Alabduljabbar Reham
Information Technology Department, College of Computer and Information Sciences, King Saud University, Riyadh, Saudi Arabia.
PeerJ Comput Sci. 2024 Oct 25;10:e2421. doi: 10.7717/peerj-cs.2421. eCollection 2024.
This article presents a usability evaluation and comparison of generative AI applications through the analysis of user reviews from popular digital marketplaces, specifically Apple's App Store and Google Play. The study aims to bridge the research gap in real-world usability assessments of generative AI tools. A total of 11,549 reviews were extracted and analyzed from January to March 2024 for five generative AI apps: ChatGPT, Bing AI, Microsoft Copilot, Gemini AI, and Da Vinci AI. The dataset has been made publicly available, allowing for further analysis by other researchers. The evaluation follows ISO 9241 usability standards, focusing on effectiveness, efficiency, and user satisfaction. This study is believed to be the first usability evaluation for generative AI applications using user reviews across digital marketplaces. The results show that ChatGPT achieved the highest compound usability scores among Android and iOS users, with scores of 0.504 and 0.462, respectively. Conversely, Gemini AI scored the lowest among Android apps at 0.016, and Da Vinci AI had the lowest among iOS apps at 0.275. Satisfaction scores were critical in usability assessments, with ChatGPT obtaining the highest rates of 0.590 for Android and 0.565 for iOS, while Gemini AI had the lowest satisfaction rate at -0.138 for Android users. The findings revealed usability issues related to ease of use, functionality, and reliability in generative AI tools, providing valuable insights from user opinions and feedback. Based on the analysis, actionable recommendations were proposed to enhance the usability of generative AI tools, aiming to address identified usability issues and improve the overall user experience. This study contributes to a deeper understanding of user experiences and offers valuable guidance for enhancing the usability of generative AI applications.

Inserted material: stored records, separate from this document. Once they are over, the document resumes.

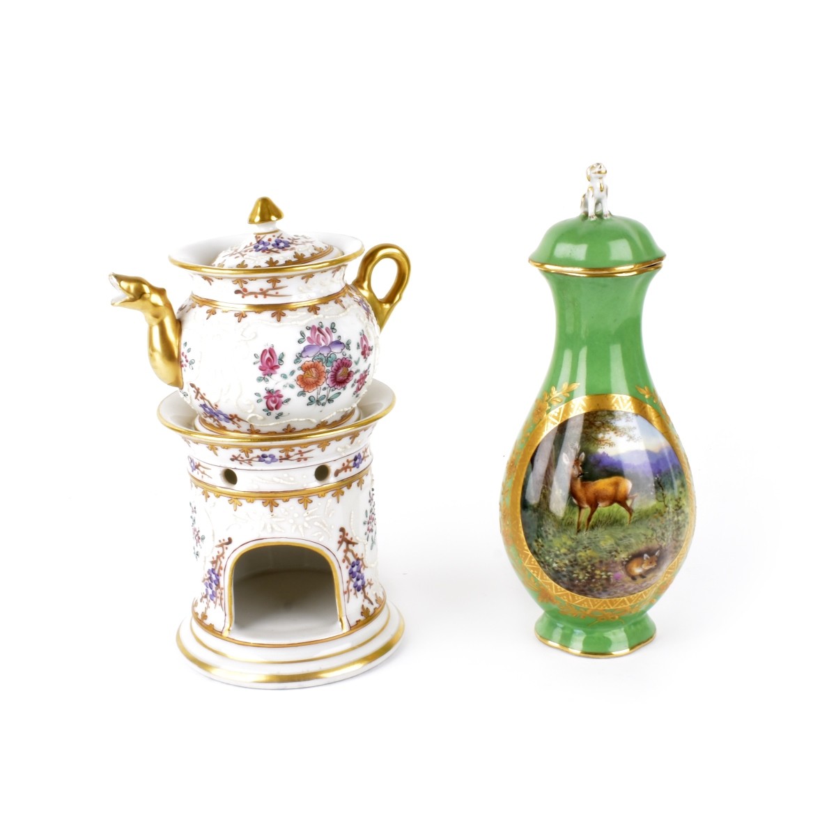Grouping of Two (2) Vintage Porcelain Tableware. Includes a teapot / warmer together with a French covered vase with Sevres style mark. Teapot combo measures 9" H (all together), teapot measures 5-1/4" x 5-3/4", base measures 5" x 4-1/2". Vase measures 9-3/8" (w/cover) x 3-1/2" x 3-1/4". Condition: Teapot has a chip to the rim and a chip on the base of the cover otherwise good condition. Estimate: $50.00 - $100.00 Domestic Shipping: $72.00
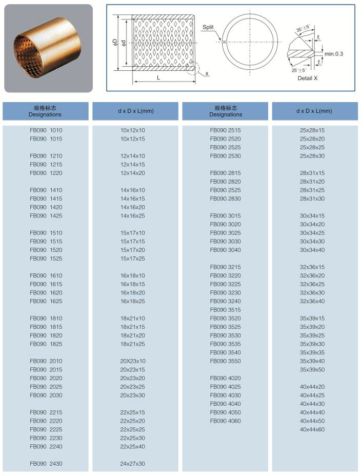 FB090標準襯套尺寸
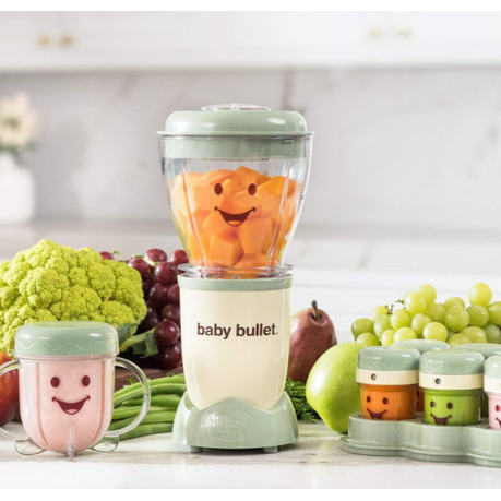 The Baby Bullet Complete Baby Care System is a 20 piece set that helps you make healthy, delicious, all-natural baby food that is perfect for every stage of development. Turn family dinner into baby's dinner, make an entire week worth of healthy all-natural baby food...in less than 5 minutes! Includes date-dial storage cups that are refrigerator and freezer friendly. Non toxic plastic - BPA
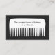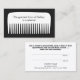 Fun memorable design featuring big white comb in black background. A super cute referral card in the disguise of a gift certificate for both parties. Great for anyone in the beauty or fashion industry. Black and white colour scheme.
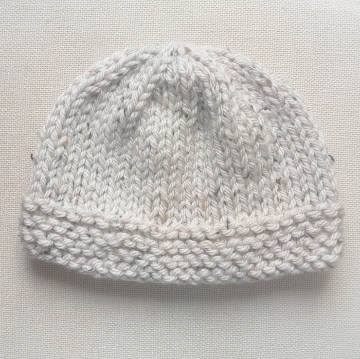 This hand knit PATTERN is for a chunky hat. To fit: Small (Medium). Circumference: 48 (52) cm or 19 (20.5) inches. The hat is knitted using super chunky yarn and 10 mm knitting needles. The hat is knit flat and seamed.
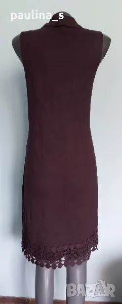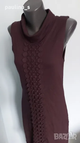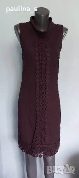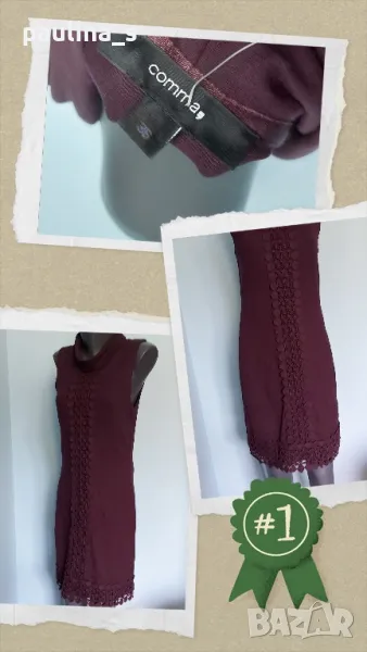 1️⃣. M / 2XL "comma," - Цената е крайна 29,99лв / 15 евро. Нова елегантна брандова рокля с дантела за декорация, една бройка е. Цветът е Патладжан. Материята е вискоза, полиамид и еластан, доста еластична и покрива няколко размера, посочени са. Нова е, без дефекти и етикет.
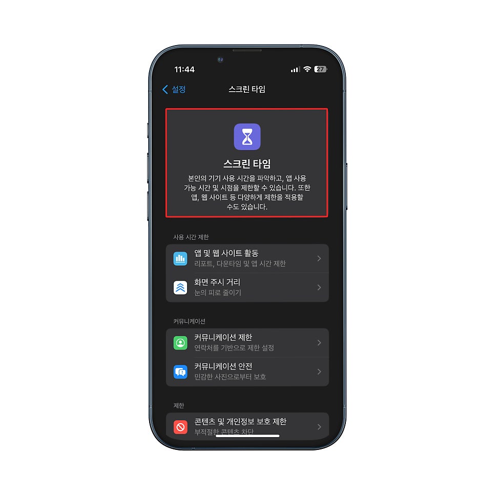 그럼 기존에 표시되던 스크린 타임 그래프가 사라진 걸 확인할 수 있으실 거예요! 여기까지 완료하셨다면 아이폰 스크린타임 삭제 및 비활성화가 완료된 거예요! 참 간단하죠?
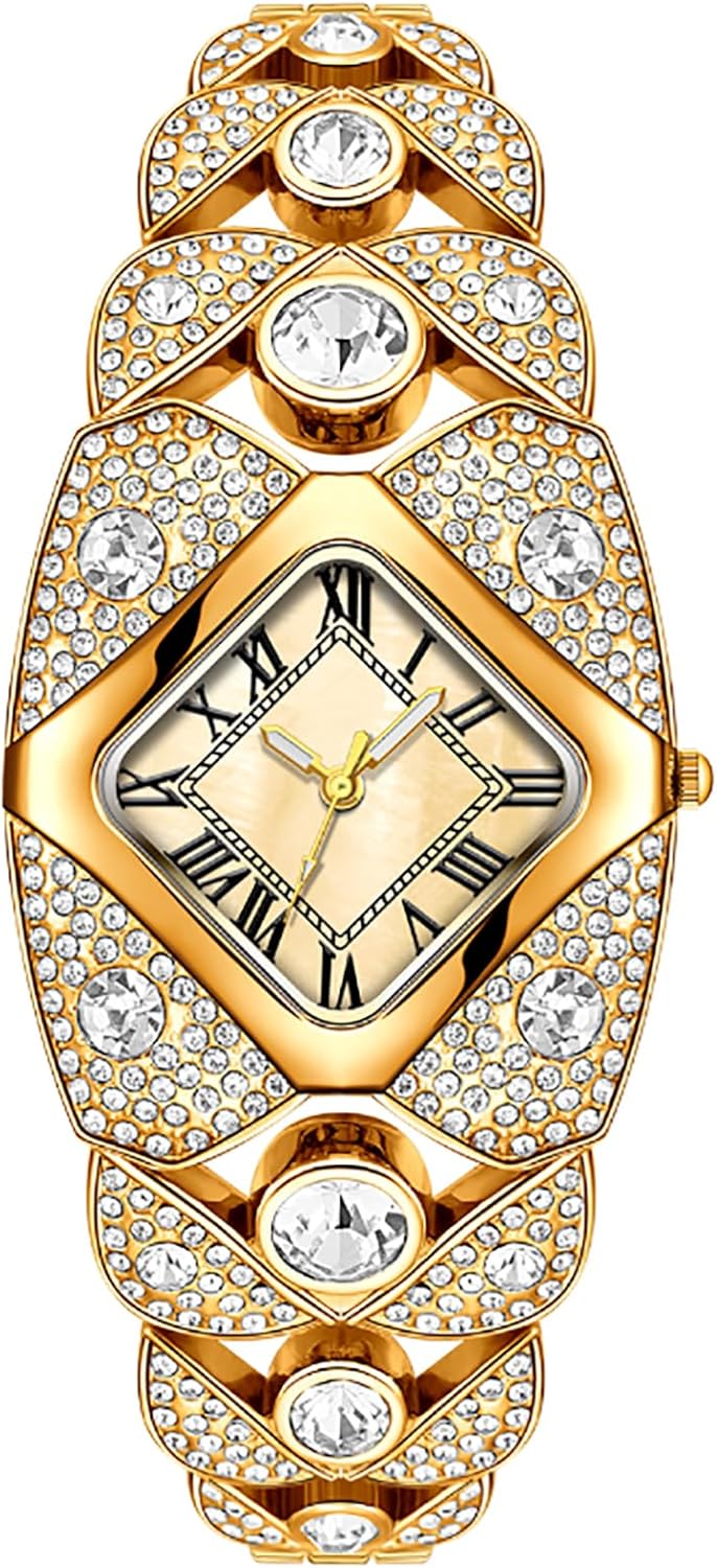 BESTKANG Elegant Women's Luxury Watch Rhombic Square Rhinestone Bracelet Roman Numerals Dial Quartz Watch Ladies Dress Analog Wrist Watches for Women
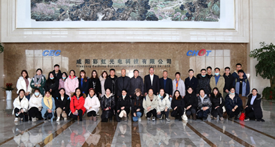 参观完毕后,11点30分左右,大家来到集团会议室参加座谈会展开座谈。首先由彩虹集团副总工程师、规划科技部部长韩彬为大家介绍彩虹集团的“十四五”规划。她介绍到,历史上,彩虹集团是行业领军者,曾经创造过多个行业第一。在企业未来的发展方向上,彩虹集团制定了“223”战略结构,第一个“2”是指彩虹集团与彩虹股份在十四五末时营收双过百,第二个“2”是指持续经营好“液晶面板”和“光伏”两大规模性产业,“3”是指聚焦发展电子玻璃、光伏玻璃和新材料三个战略性核心业务。在企业前进的过程中,必然会遭受内外部的矛盾与阻力,面对这些挑战,韩彬部长对彩虹集团的战略做出了两大思考,一是寻找企业的护城河,即构建企业的核心竞争力;二是不断疏浚、拓宽护城河,即技术创新、商业模式创新和成本领先。而企业的战略定力和坚持不懈的努力则是企业实现战略目标的基石。
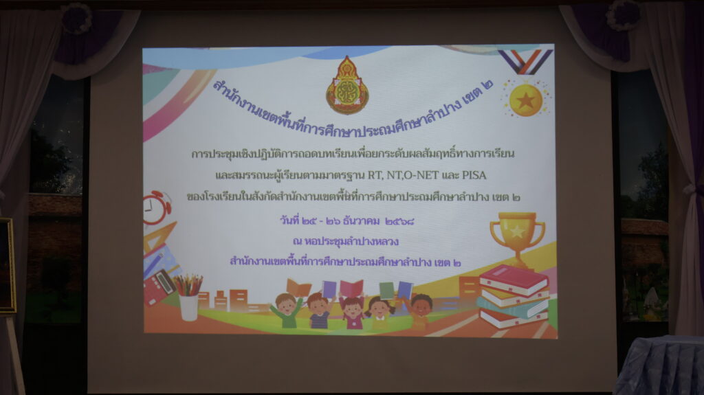 วันที่ 25 ธันวาคม 2568 เวลา 09.00 น. นายประชา ไชยศรี รองผู้อำนวยการสำนักงานเขตพื้นที่การศึกษาประถมศึกษาลำปาง เขต 2 เป็นประธานในพิธีเปิดการประชุมเชิงปฏิบัติการถอดบทเรียนเพื่อยกระดับผลสัมฤทธิ์ทางการเรียนและสมรรถนะผู้เรียนตามมาตรฐาน RT, NT,O-NET และ PISA ของโรงเรียนในสังกัด จัดโดยกลุ่มนิเทศ ติดตาม และประเมินผลการจัดการศึกษา ตามโครงการฯประจำปีงบประมาณ พ.ศ. 2568 ซึ่งได้ตระหนักถึงความสำคัญของการพัฒนาคุณภาพผู้เรียนในทุกระดับชั้นโดยเฉพาะการยกระดับผลสัมฤทธิ์ทางการเรียน O-NET และ สมรรถนะผู้เรียนตามมาตรฐาน PISA ตามวัตถุประสงค์เพื่อกำกับ ติดตาม ตรวจสอบ และประเมินผลการดำเนินงานของสถานศึกษาในสังกัดในการพัฒนาคุณภาพการจัดการศึกษาได้อย่างมีประสิทธิภาพและเป็นระบบโดยเน้นผลลัพธ์การเรียนตามมาตรฐาน RT, NT, O-NET และ PISA เพื่อส่งเสริมและสนับสนุนให้สถานศึกษาพัฒนากระบวนการจัดการเรียนรู้ที่เน้นผู้เรียนเป็นสำคัญ มุ่งสร้างสมรรถนะหลักของผู้เรียนในด้านการอ่านการคิดวิเคราะห์การใช้เหตุผลเชิงคณิตศาสตร์และการประยุกต์ใช้ความรู้ทางวิทยาศาสตร์ในชีวิตจริง และเพื่อยกระดับผลสัมฤทธิ์ทางการเรียนของผู้เรียนในทุกระดับชั้นให้สูงขึ้นอย่างต่อเนื่อง ให้สถานศึกษามีการบริหารจัดการที่มุ่งผลสัมฤทธิ์ทางการศึกษาอย่างมีคุณภาพตามมาตรสากล ในการจัดอบรมครั้งนี้ได้มีวิทยากรเป็นผู้บริหารโรงเรียน คณะครูและทีมวิทยากรจากโรงเรียนในสังกัด ผู้เข้าร่วมการประชุมเป็นผู้บริหารสถานศึกษา และครูผู้รับผิดชอบงานยกระดับผลสัมฤทธิ์ทางการเรียนและสมรรถนะผู้เรียนตามมาตรฐาน O-NET และ PISA ของโรงเรียนในสังกัด รวมทั้งสิ้น 282 คน และนายสมบัติ สิริวงศ์เครือ ผู้อำนวยการสำนักงานเขตพื้นที่การศึกษาประถมศึกษาลำปาง เขต 2 เป็นประธานในพิธีปิดการประชุมฯ ณ หอประชุมลำปางหลวง สำนักงานเขตพื้นที่การศึกษาประถมศึกษาลำปาง เขต 2

本文通过分析来自热门数字市场(具体为苹果应用商店和谷歌应用商店)的用户评论,对生成式人工智能应用程序进行了可用性评估和比较。该研究旨在弥合生成式人工智能工具在实际可用性评估方面的研究差距。2024年1月至3月,共提取并分析了11549条针对五款生成式人工智能应用程序的评论:ChatGPT、必应人工智能、微软Copilot、Gemini人工智能和达芬奇人工智能。该数据集已公开提供,供其他研究人员进一步分析。评估遵循ISO 9241可用性标准,重点关注有效性、效率和用户满意度。据信,这项研究是首次利用跨数字市场的用户评论对生成式人工智能应用程序进行可用性评估。结果显示,ChatGPT在安卓和iOS用户中获得了最高的综合可用性得分,分别为0.504和0.462。相反,Gemini人工智能在安卓应用中得分最低,为0.016,而达芬奇人工智能在iOS应用中得分最低,为0.275。满意度得分在可用性评估中至关重要,ChatGPT在安卓系统中的满意度得分最高,为0.590,在iOS系统中为0.565,而Gemini人工智能在安卓用户中的满意度得分最低,为-0.138。研究结果揭示了生成式人工智能工具在易用性、功能和可靠性方面的可用性问题,从用户意见和反馈中提供了有价值的见解。基于分析,提出了可操作的建议,以提高生成式人工智能工具的可用性,旨在解决已识别的可用性问题并改善整体用户体验。这项研究有助于更深入地理解用户体验,并为提高生成式人工智能应用程序的可用性提供有价值的指导。